Your task is to restate word for word the lines in the material below, from the one with "Subtracting Three Digit Numbers Without Regrouping Worksheets –" up to and including the one with "其中,道通智能旗下行业级多旋翼 EVO Max". Do not carry over the pictures.

■ The data:
* * * *
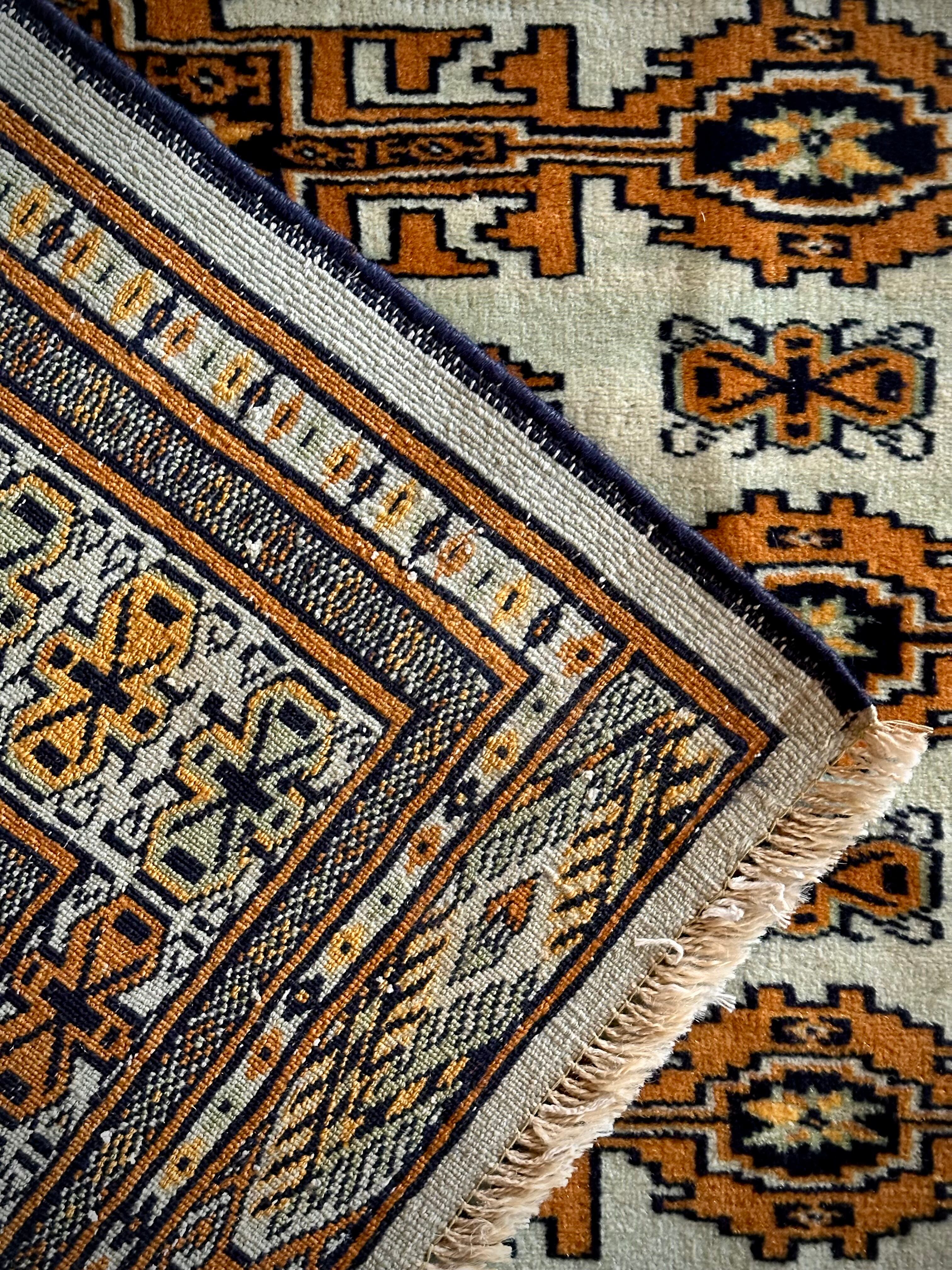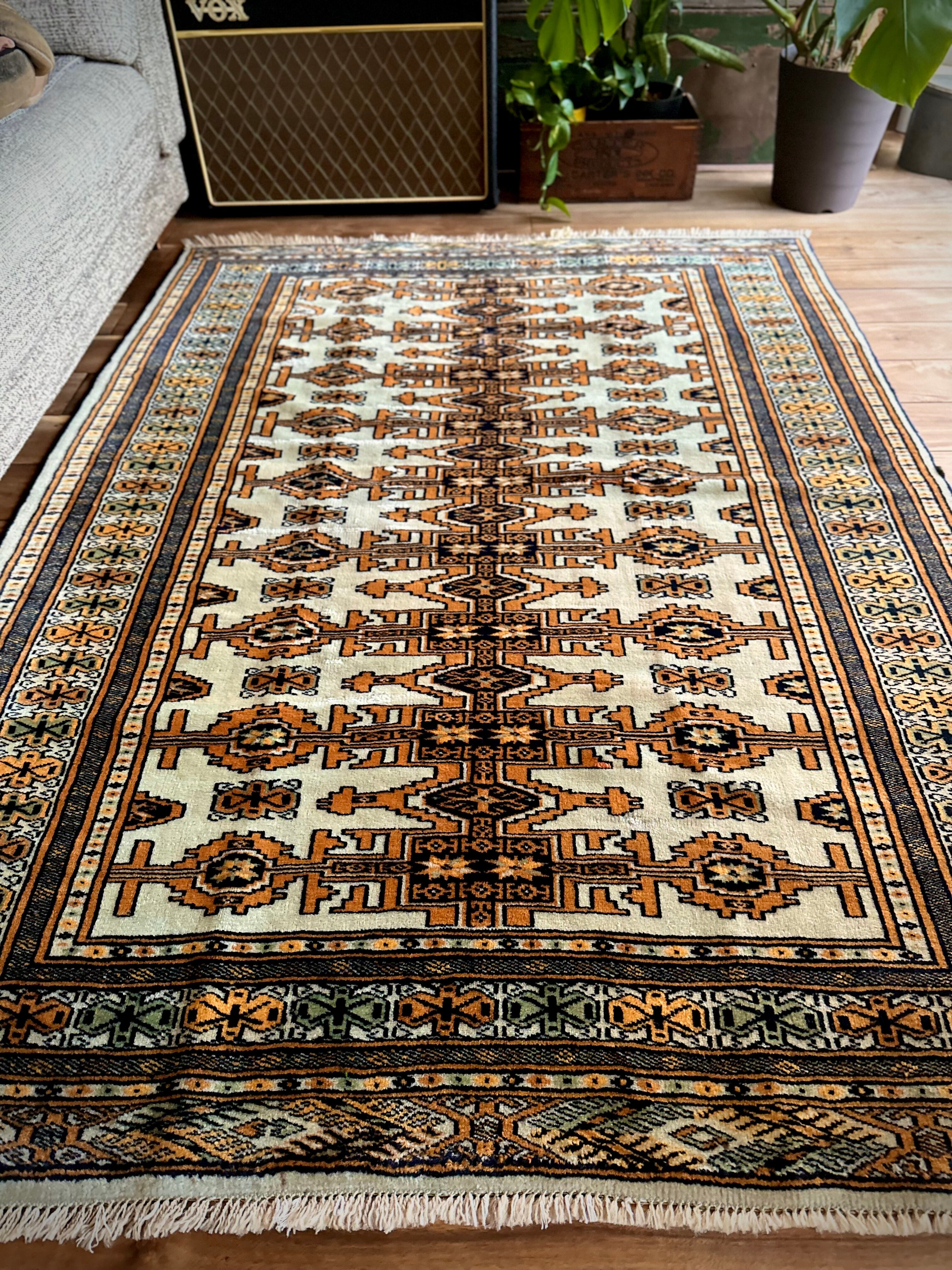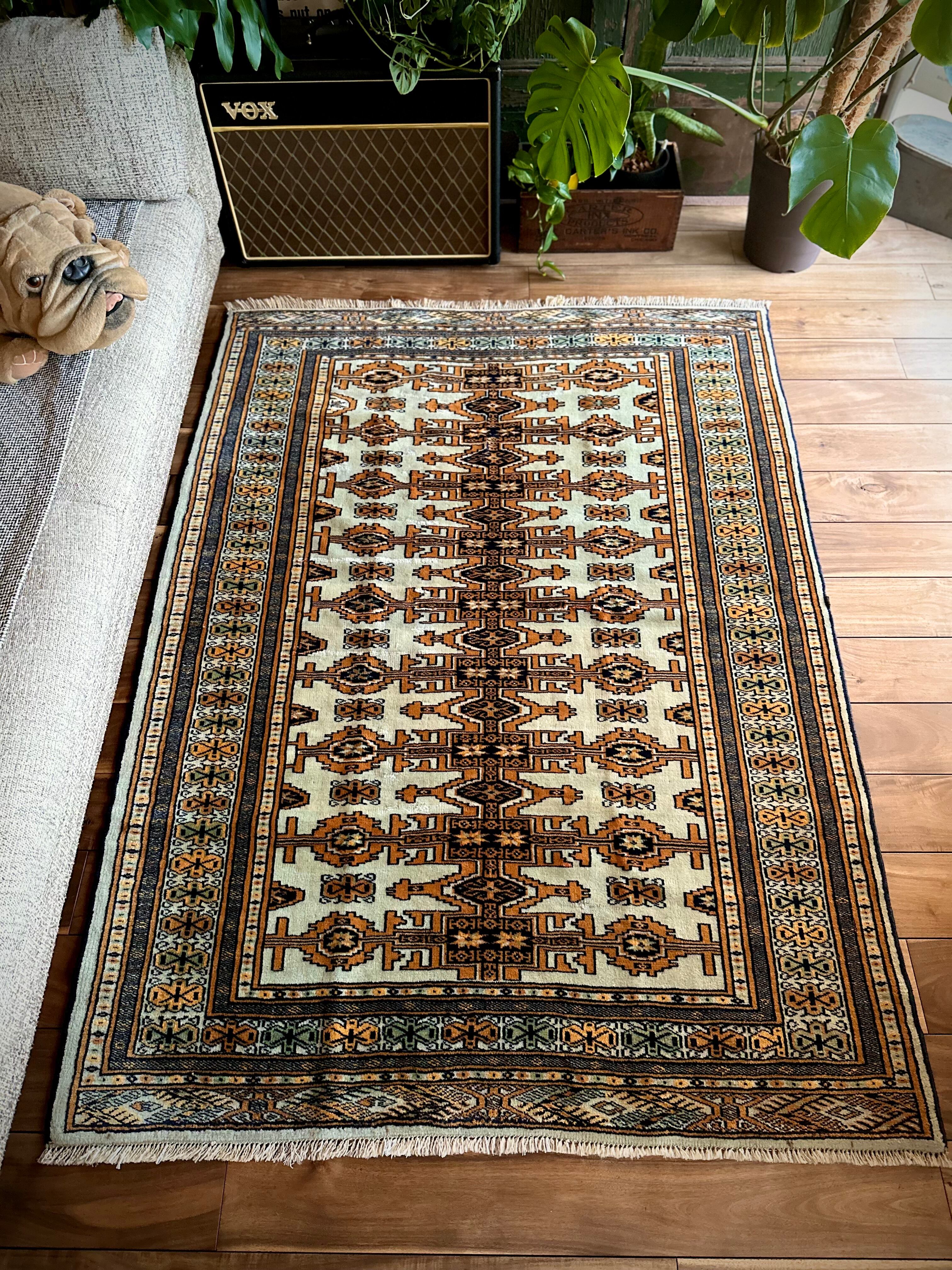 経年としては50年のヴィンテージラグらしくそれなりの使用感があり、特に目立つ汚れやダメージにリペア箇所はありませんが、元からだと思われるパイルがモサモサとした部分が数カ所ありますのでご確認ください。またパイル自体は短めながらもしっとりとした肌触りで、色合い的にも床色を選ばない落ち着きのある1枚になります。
* * * *
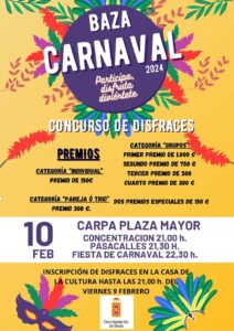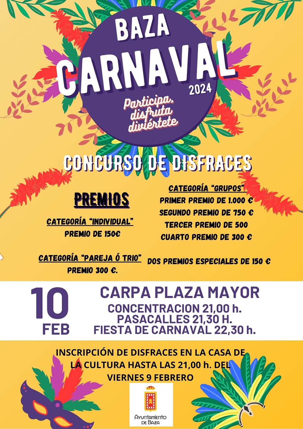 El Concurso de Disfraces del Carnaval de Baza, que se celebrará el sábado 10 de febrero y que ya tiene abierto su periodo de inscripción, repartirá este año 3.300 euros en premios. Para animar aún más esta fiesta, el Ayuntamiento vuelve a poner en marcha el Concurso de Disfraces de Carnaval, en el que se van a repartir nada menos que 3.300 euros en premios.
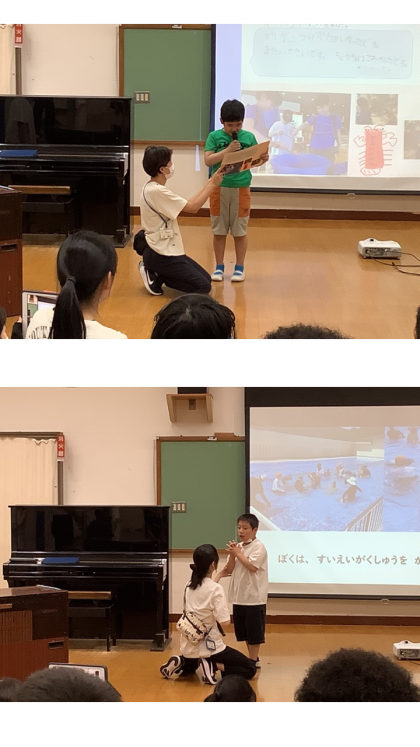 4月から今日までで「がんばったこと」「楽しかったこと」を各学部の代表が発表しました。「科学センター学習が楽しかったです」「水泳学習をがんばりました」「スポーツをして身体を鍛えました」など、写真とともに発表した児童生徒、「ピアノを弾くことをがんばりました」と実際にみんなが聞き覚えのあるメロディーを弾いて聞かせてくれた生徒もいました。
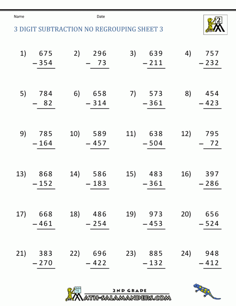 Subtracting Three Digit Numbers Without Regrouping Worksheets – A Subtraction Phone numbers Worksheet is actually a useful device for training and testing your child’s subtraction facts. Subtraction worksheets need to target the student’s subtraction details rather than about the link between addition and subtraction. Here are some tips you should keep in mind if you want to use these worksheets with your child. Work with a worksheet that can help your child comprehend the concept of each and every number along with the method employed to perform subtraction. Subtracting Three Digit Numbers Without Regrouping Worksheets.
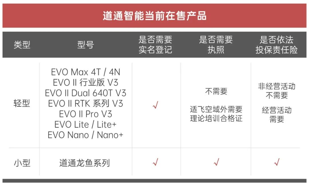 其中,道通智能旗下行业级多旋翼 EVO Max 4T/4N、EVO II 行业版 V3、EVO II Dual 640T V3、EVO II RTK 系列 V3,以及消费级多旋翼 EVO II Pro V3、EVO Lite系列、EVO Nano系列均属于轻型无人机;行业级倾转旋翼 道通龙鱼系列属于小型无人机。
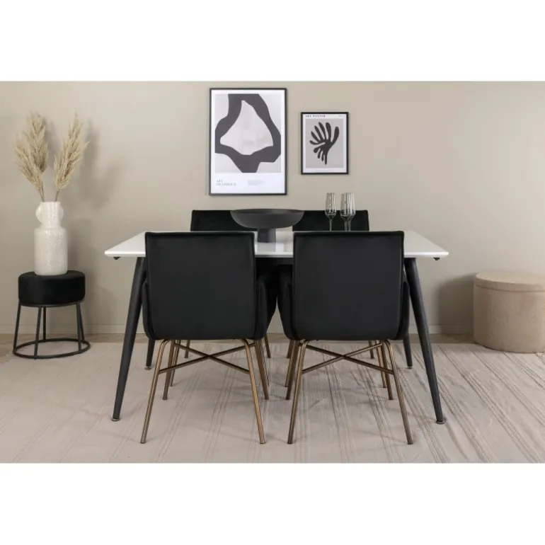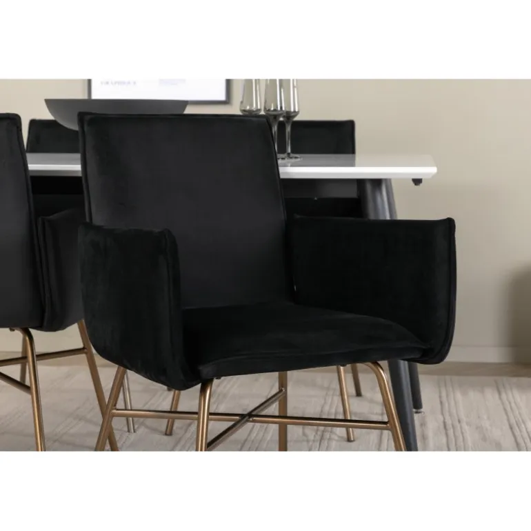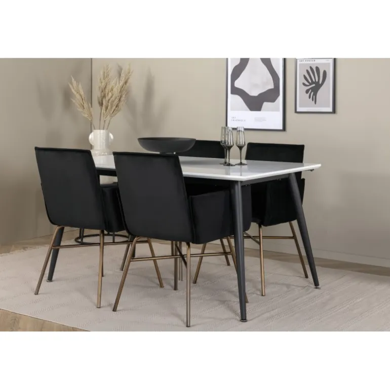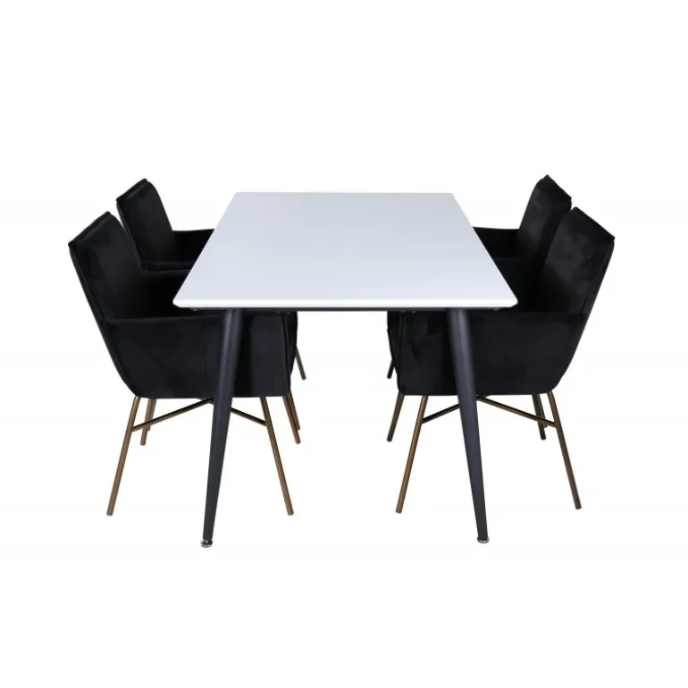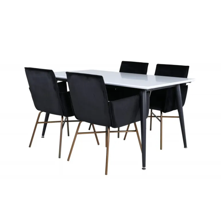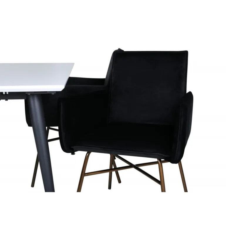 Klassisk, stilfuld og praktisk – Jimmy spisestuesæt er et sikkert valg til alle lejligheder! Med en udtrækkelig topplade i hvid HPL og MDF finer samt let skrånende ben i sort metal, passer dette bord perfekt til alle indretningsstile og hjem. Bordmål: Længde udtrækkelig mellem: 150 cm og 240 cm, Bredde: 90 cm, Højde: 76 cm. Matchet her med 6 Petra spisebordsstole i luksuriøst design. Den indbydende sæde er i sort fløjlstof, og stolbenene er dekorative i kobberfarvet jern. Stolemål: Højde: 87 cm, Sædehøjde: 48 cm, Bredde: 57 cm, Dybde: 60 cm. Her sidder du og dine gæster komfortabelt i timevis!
* * * *
■ Final answer:
 Subtracting Three Digit Numbers Without Regrouping Worksheets – A Subtraction Phone numbers Worksheet is actually a useful device for training and testing your child’s subtraction facts. Subtraction worksheets need to target the student’s subtraction details rather than about the link between addition and subtraction. Here are some tips you should keep in mind if you want to use these worksheets with your child. Work with a worksheet that can help your child comprehend the concept of each and every number along with the method employed to perform subtraction. Subtracting Three Digit Numbers Without Regrouping Worksheets.
 其中,道通智能旗下行业级多旋翼 EVO Max 4T/4N、EVO II 行业版 V3、EVO II Dual 640T V3、EVO II RTK 系列 V3,以及消费级多旋翼 EVO II Pro V3、EVO Lite系列、EVO Nano系列均属于轻型无人机;行业级倾转旋翼 道通龙鱼系列属于小型无人机。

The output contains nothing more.